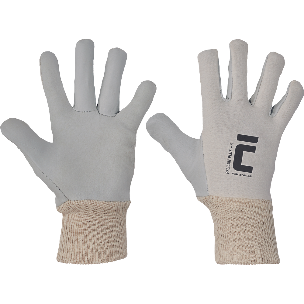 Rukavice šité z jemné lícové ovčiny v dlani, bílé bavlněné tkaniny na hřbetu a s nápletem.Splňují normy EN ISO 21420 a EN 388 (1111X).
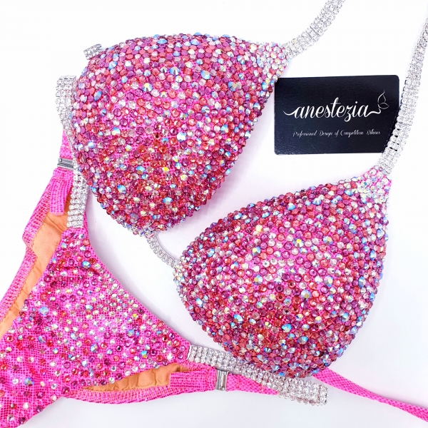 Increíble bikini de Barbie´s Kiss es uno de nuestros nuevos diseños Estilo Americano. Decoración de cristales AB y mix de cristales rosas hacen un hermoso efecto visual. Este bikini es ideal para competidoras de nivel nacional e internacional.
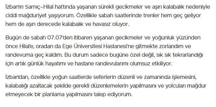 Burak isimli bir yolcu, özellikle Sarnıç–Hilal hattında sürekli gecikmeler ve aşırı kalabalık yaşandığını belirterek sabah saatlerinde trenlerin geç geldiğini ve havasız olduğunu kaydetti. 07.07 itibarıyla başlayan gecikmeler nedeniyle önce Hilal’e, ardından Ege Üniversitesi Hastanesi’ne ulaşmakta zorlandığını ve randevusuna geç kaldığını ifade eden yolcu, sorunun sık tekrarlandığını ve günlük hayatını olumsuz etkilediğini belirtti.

==

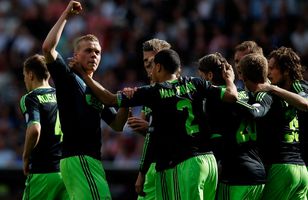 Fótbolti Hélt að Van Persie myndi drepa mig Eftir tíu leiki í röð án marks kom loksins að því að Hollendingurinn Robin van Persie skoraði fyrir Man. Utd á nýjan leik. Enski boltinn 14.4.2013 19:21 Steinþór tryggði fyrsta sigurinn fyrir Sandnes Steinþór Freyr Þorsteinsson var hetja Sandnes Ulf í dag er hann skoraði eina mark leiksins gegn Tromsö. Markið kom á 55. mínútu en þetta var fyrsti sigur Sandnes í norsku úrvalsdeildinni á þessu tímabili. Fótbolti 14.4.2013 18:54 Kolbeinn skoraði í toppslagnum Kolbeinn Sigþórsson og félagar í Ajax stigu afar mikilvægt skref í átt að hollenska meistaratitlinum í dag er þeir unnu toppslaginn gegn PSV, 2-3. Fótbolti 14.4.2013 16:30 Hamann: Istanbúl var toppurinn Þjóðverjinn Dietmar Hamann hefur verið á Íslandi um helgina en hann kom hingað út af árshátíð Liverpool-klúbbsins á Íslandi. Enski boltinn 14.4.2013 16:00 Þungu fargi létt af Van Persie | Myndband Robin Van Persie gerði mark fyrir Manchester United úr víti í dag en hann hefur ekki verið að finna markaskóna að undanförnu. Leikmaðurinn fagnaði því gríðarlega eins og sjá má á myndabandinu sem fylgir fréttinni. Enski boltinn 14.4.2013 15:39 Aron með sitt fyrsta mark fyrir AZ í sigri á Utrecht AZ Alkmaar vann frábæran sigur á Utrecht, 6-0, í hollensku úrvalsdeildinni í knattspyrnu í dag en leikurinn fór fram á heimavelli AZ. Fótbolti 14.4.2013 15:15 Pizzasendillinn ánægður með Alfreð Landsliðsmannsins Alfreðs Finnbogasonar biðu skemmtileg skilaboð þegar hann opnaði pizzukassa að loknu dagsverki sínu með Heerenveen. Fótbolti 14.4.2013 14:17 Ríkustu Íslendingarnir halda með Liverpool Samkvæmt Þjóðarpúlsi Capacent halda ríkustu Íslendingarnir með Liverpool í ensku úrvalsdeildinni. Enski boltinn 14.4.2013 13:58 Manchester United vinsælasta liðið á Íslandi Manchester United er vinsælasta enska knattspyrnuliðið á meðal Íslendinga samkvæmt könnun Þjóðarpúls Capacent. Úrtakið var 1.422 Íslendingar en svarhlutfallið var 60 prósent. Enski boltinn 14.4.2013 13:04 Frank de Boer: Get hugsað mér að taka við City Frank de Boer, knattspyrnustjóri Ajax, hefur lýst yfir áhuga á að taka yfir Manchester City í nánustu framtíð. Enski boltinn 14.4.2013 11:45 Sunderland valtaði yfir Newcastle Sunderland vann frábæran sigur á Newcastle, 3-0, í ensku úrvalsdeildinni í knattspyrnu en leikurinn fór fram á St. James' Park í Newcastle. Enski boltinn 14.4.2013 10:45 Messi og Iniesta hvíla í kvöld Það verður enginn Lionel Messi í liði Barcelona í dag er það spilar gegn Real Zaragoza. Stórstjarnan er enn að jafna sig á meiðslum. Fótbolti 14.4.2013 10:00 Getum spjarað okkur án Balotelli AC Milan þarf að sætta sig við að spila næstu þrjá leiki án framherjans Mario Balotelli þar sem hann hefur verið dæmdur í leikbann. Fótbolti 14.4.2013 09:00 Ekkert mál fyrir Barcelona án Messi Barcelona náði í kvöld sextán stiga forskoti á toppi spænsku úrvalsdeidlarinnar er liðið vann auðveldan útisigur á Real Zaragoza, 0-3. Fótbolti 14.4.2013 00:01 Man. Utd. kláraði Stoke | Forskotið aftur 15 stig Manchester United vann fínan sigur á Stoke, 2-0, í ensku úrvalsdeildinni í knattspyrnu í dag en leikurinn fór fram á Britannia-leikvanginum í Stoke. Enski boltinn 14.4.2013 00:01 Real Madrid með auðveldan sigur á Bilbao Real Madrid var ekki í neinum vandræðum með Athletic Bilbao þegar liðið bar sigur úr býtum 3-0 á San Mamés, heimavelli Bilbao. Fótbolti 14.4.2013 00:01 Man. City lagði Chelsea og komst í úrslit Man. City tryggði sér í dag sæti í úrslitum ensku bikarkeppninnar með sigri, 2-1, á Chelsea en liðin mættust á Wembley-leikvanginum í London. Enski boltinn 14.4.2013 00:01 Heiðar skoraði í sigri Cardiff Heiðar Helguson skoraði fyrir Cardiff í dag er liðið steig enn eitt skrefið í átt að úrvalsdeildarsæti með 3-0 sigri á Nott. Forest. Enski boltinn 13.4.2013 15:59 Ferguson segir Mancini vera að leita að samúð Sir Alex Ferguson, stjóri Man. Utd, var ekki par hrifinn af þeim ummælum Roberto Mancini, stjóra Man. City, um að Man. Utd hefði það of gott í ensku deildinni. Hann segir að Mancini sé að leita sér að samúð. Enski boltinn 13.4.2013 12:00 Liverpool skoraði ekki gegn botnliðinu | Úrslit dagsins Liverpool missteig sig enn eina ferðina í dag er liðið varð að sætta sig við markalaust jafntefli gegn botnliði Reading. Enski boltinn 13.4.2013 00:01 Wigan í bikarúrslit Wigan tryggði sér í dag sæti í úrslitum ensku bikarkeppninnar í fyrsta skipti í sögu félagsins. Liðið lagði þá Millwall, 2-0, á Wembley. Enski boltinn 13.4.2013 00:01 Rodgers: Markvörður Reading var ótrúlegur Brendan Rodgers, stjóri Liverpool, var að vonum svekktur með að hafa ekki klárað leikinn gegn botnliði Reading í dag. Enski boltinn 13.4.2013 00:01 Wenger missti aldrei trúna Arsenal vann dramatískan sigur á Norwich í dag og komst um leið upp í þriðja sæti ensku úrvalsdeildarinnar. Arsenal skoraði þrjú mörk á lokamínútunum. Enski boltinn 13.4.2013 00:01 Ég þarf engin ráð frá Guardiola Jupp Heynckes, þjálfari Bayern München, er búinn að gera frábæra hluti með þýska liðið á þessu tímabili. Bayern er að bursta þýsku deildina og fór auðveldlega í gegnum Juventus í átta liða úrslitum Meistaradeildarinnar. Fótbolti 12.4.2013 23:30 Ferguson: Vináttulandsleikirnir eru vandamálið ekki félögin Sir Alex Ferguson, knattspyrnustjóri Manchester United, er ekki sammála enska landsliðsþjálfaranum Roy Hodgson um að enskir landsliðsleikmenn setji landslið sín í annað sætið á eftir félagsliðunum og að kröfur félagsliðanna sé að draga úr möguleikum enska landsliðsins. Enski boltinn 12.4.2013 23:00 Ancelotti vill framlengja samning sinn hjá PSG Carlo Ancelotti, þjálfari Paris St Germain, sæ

» **Required action**:
Please repeat the lines of the material above exactly, starting with the line that contains "Rukavice šité z" and ending with the line that contains "Burak isimli bir". Leave the pictures out.

» **Result of the task**:
 Rukavice šité z jemné lícové ovčiny v dlani, bílé bavlněné tkaniny na hřbetu a s nápletem.Splňují normy EN ISO 21420 a EN 388 (1111X).
 Increíble bikini de Barbie´s Kiss es uno de nuestros nuevos diseños Estilo Americano. Decoración de cristales AB y mix de cristales rosas hacen un hermoso efecto visual. Este bikini es ideal para competidoras de nivel nacional e internacional.
 Burak isimli bir yolcu, özellikle Sarnıç–Hilal hattında sürekli gecikmeler ve aşırı kalabalık yaşandığını belirterek sabah saatlerinde trenlerin geç geldiğini ve havasız olduğunu kaydetti. 07.07 itibarıyla başlayan gecikmeler nedeniyle önce Hilal’e, ardından Ege Üniversitesi Hastanesi’ne ulaşmakta zorlandığını ve randevusuna geç kaldığını ifade eden yolcu, sorunun sık tekrarlandığını ve günlük hayatını olumsuz etkilediğini belirtti.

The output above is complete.